5 Easy At-Home Workouts to Stay in Shape During Your Pregnancy
Pregnancy entails a journey in a woman’s life that changes her being forever. It’s a mixed experience for her, with both delights and hardships coming along her way. Your body and mind both undergo a number of changes during this period of time. Each trimester of your pregnancy involves a different set of issues. Keeping a healthy body helps deal with all these issues.
The first trimester is the time during which your body gets familiarized with the concept of developing a whole other human being inside it.
Here is a guide to some of the workouts that you can do while you’re expecting.
Breathing exercise routine
A good breathing exercise routine is very important to keep your body energized and habituated to the changes occurring within it. Apart from being an effective reliever of your nausea, it also strengthens your lungs, which now breath for two. Here’s how you go about it:
- Sit on a comfortable area such as a soft mat or even your bed. Placing both hands over your stomach, breathe in and out deeply, feeling your hands moving in and out with each breath. Repeat this for 15 breaths in a set of 3 rounds.
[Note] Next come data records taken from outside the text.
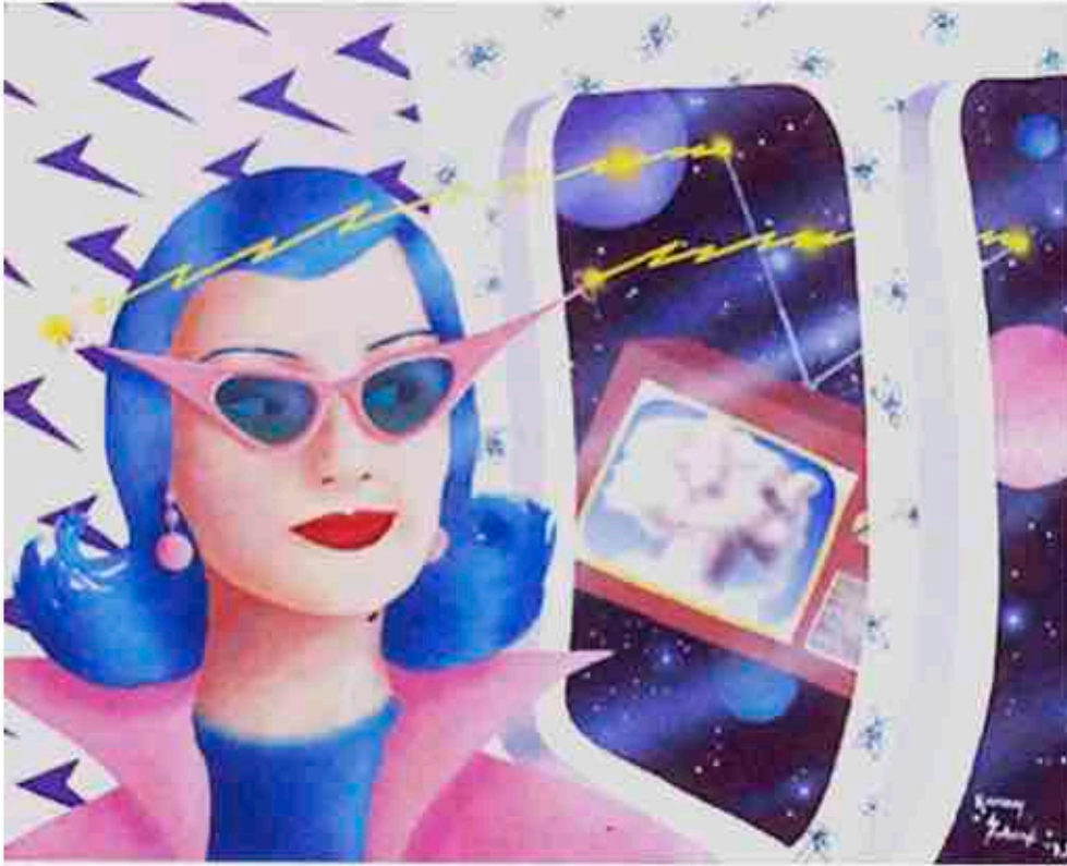
Figure 8. Kenny Scharf. Estelle 2: "Escape in Time," 1979. Acrylic on canvas, 45.7 × 55.9 cm. Private collection. © 2012 Kenny Scharf / Artists Rights Society (ARS), New York.
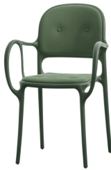
Matt colour Dark Green 1556 C Cushions: KingL green F-359
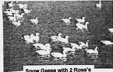
Snow Geese with 2 Ross's Geese in the center

Start off your 2004 bird list with some great entries. Last year 74 species were recorded on our trip, these included 15 waterfowl species, 7 Raptor and 3 grebe, also a number of passerines. The Refuge reported over a dozen Bald Eagles, and we saw 5 at one time.
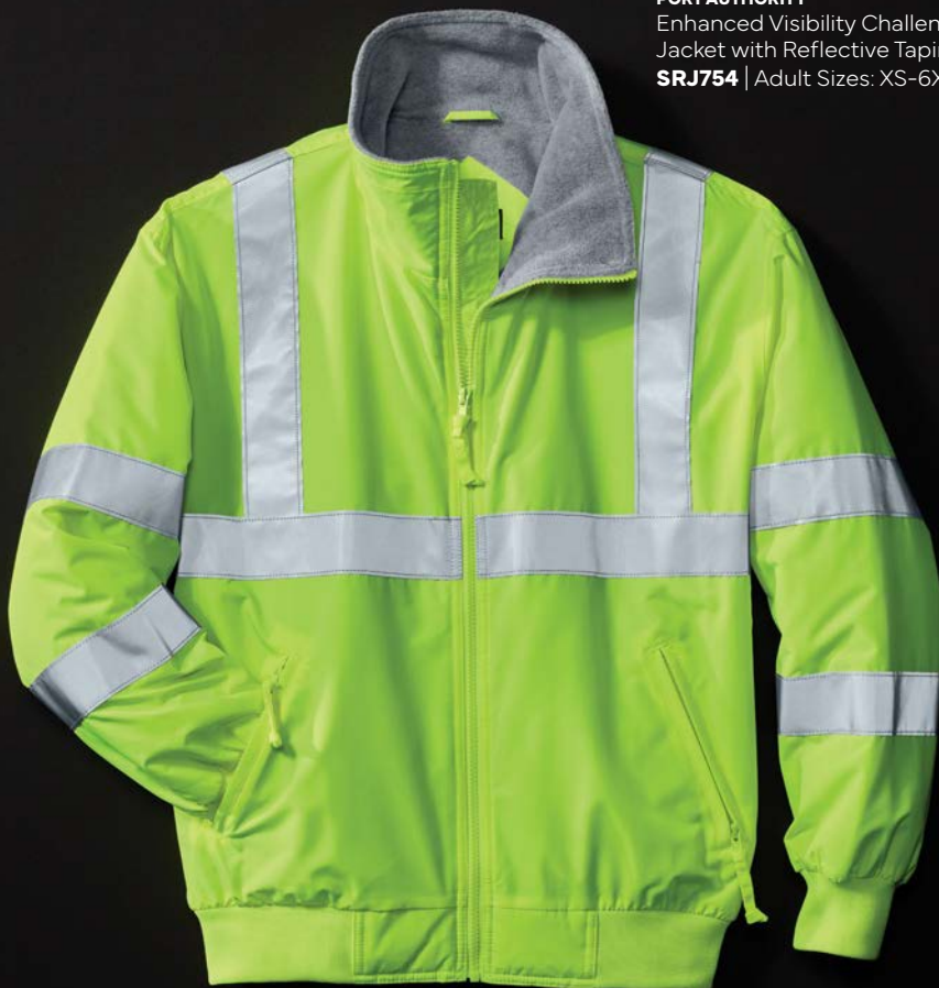
PORT AUTHORITY® Enhanced Visibility Challenger™ Jacket with Reflective Taping SRJ754 | Adult Sizes: XS-6XL
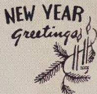
JOHN G. KOTRAN FUNERAL HOME
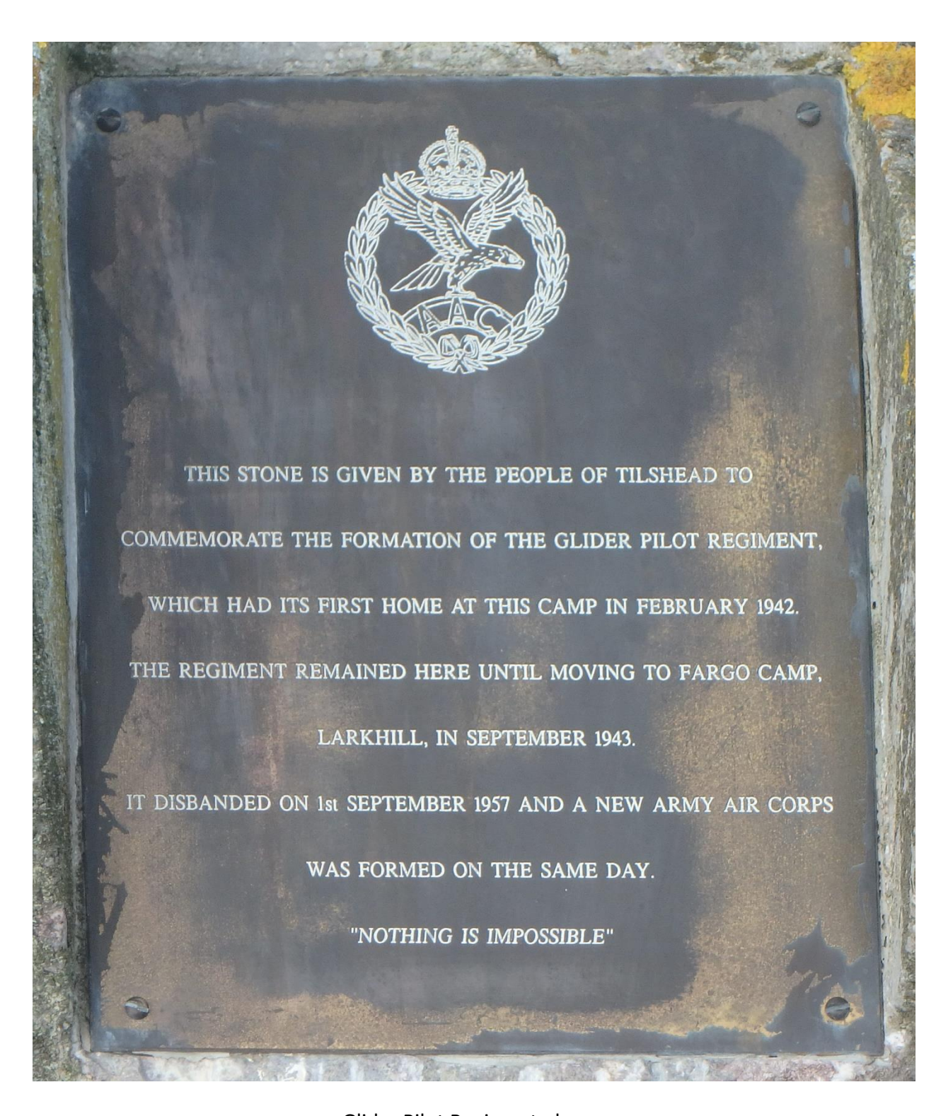
Glider Pilot Regiment plaque
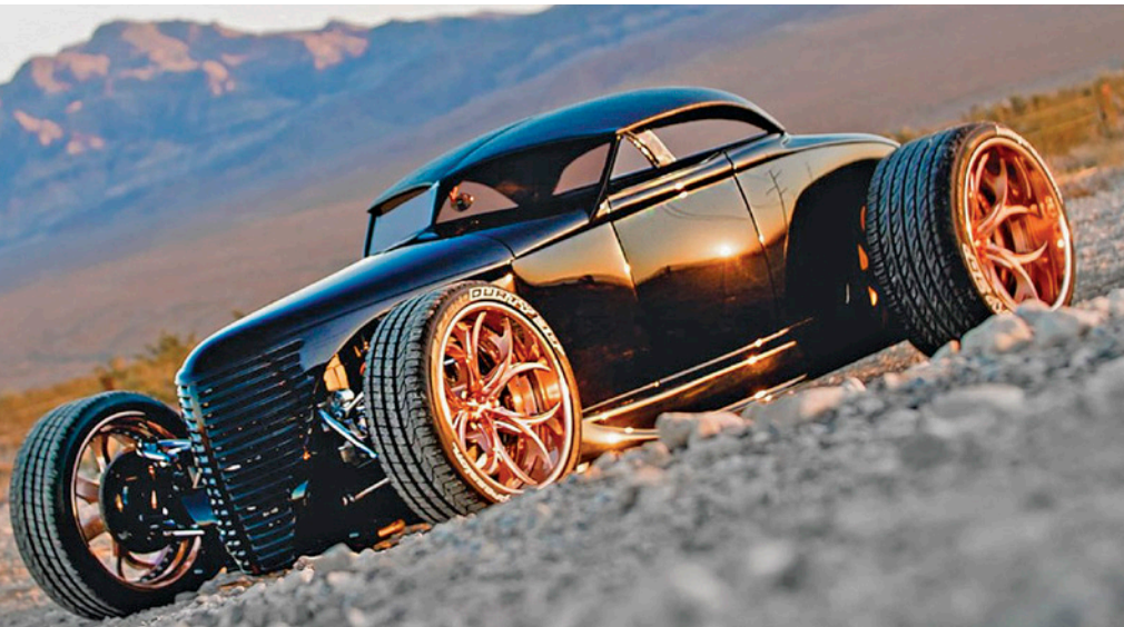
1930 Ford Model A custom roadster "Durdy 30"
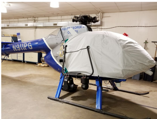
McDonnell Douglas MDD 520 Notar Bubble Cover, with special missions equipment.
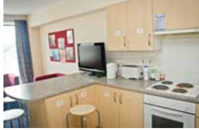
Well-equipped shared kitchen
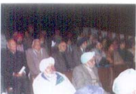
Audience at RSCWS AGM
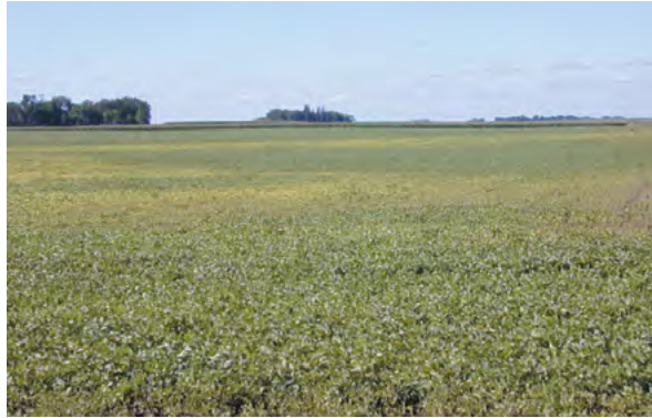
Iron deficiency in soybean
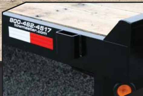
Stake pockets are standard on this model.
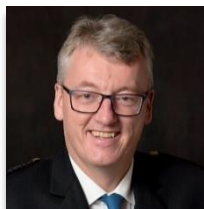
Professor Sir David W. C. MacMillan Catalysis Princeton University United States of America
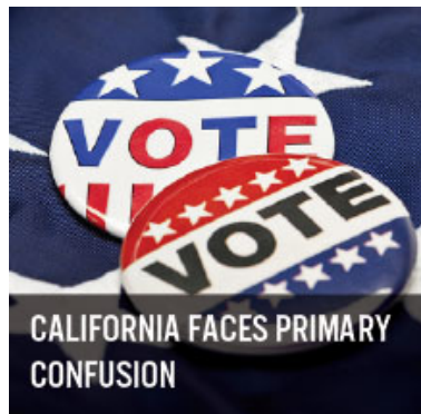
CALIFORNIA FACES PRIMARY CONFUSION
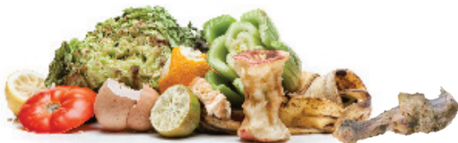
Food Scraps, Including Egg Shells, Meat & Bones

No coated paper (with surface sheen) such as cups, plates or cardboard boxes. No "compostable" plastics.
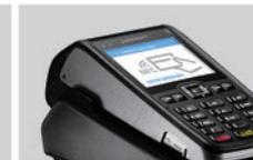
all-day battery life
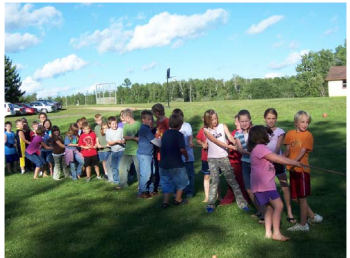
With enough hands on the rope, even small people can move big things.

It’s a bird! It’s a plane! It’s... A showerhouse? YES! Despite the often-slow progress leading up to this point, some very significant progress is being made on the ladies’ shower house & bathrooms, as should be apparent from the photos here. On September 8 th , a number of skilled volunteers joined forces with the DLBC camp board to frame and sheath the ladies’ shower house. In a single day’s work, this project went from being an empty concrete slab to having the framing nearly finished. This is a very exciting development, because with the framing done and the structure mostly enclosed, work can now progress through the winter months—no more waiting for snow to go away. The shower house could very easily be ready in time for camp next year, IF we can raise the necessary funds to complete it. This doesn’t have to be a painful task, because the power of teamwork in the act of giving is no less significant than it is in the process of building. Putting the rec hall deck up took the better part of three months worth of weekends for a lone individual who had occasional help. In contrast, the cooperative efforts of a dozen or so workmen put up the structure of an entire building in a single day. Likewise, putting siding, shingles and windows on the showerhouse might require a year’s worth of one man’s savings. But if everybody who received this newsletter were to contribute one portrait of President Hamilton, it would happen without much inconvenience or burden to anyone.
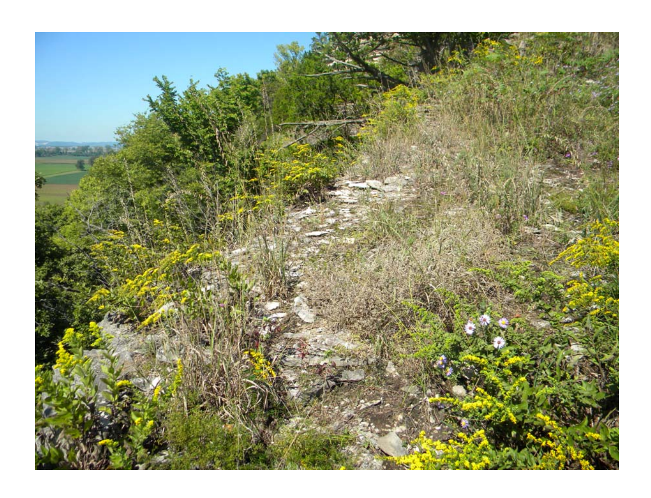
Figure 1. The narrow Mentzelia oligosperma habitat, usually not more than one meter wide, just above the cliff face. This photograph shows loose, large flakes of bedrock combined with loess in this zone. The loess hill prairie begins with the goldenrods and grasses near the center of the photograph.
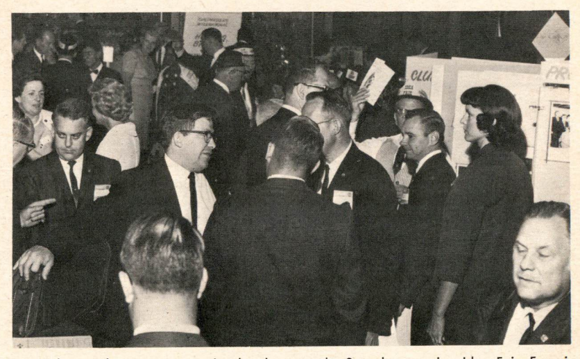
New ideas and programs were in abundance at the Saturday morning Idea Fair. Experienced Toastmasters were on hand at various displays to offer suggestions.
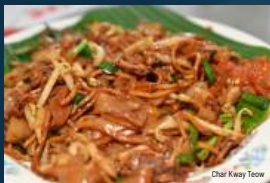
Char Kway Teow

- With both your hands outstretched sideways, deeply inhale and move them upwards to join them over your head. Exhale and bring the hands down and repeat for 10 times in a set of 3 rounds.
Upper body routine
- In a standing up or sitting position reach out your arms to either sides and begin to circle them forward and backward 20 times each.
- Place the arms parallel in front of your body and slide them up and down 30 times.
- Lean forward and reach above the waist behind you. Keep your palms facing towards the ceiling. Bending the knees slightly (if standing), move the arms up and down in this position 30 times.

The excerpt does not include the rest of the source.